Cyatholipus icubatus

Scientific classification
- Kingdom: Animalia
- Phylum: Arthropoda
- Subphylum: Chelicerata
- Class: Arachnida
- Order: Araneae
- Infraorder: Araneomorphae
- Family: Cyatholipidae
- Genus: Cyatholipus
- Species: C. icubatus
- Binomial name: Cyatholipus icubatus Griswold, 1987

= Cyatholipus icubatus =

- Authority: Griswold, 1987

Species of spider

Cyatholipus icubatus is a species of spider in the family Cyatholipidae. It is endemic to KwaZulu-Natal province of South Africa.

== Distribution ==
Cyatholipus icubatus is known from three locations in KwaZulu-Natal: Dlinza Forest near Eshowe, Ngome State Forest, and Ithala Game Reserve. The species occurs at elevations between 512 and 1314 metres above sea level.

== Habitat ==
The species builds small horizontal sheet webs in the understory of moist forests.
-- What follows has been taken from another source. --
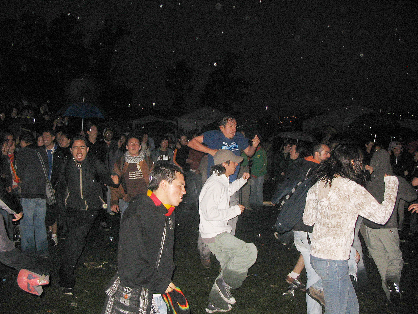 CPLPermission is granted to copy, distribute and/or modify this document under the terms of the Common Public License published by IBM; with no Invariant Sections, no Front-Cover Texts, and no Back-Cover Texts. A copy of the license is included in the section entitled "Text of the Common Public License." Ritual del mosh..
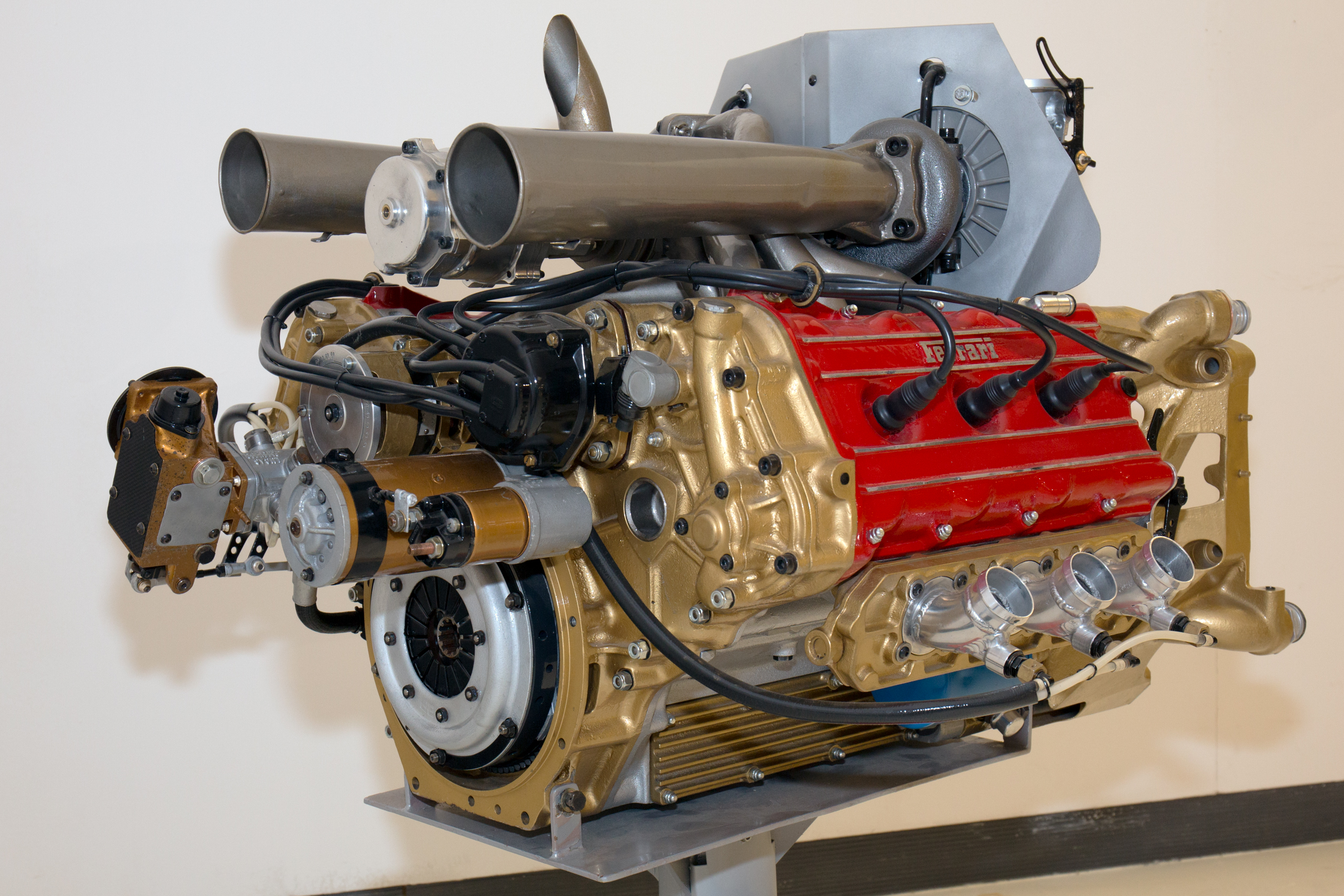 Ferrari Tipo 021 engine (1981) of the Ferrari 126CK

It has been sampled from the Savanna Biome using pitfall traps.

== Conservation ==
The species is protected in three protected areas but is likely threatened by habitat loss outside these areas due to crop cultivation and deforestation for fuelwood. It is currently listed as Data Deficient due to limited sampling and the fact that only females are known.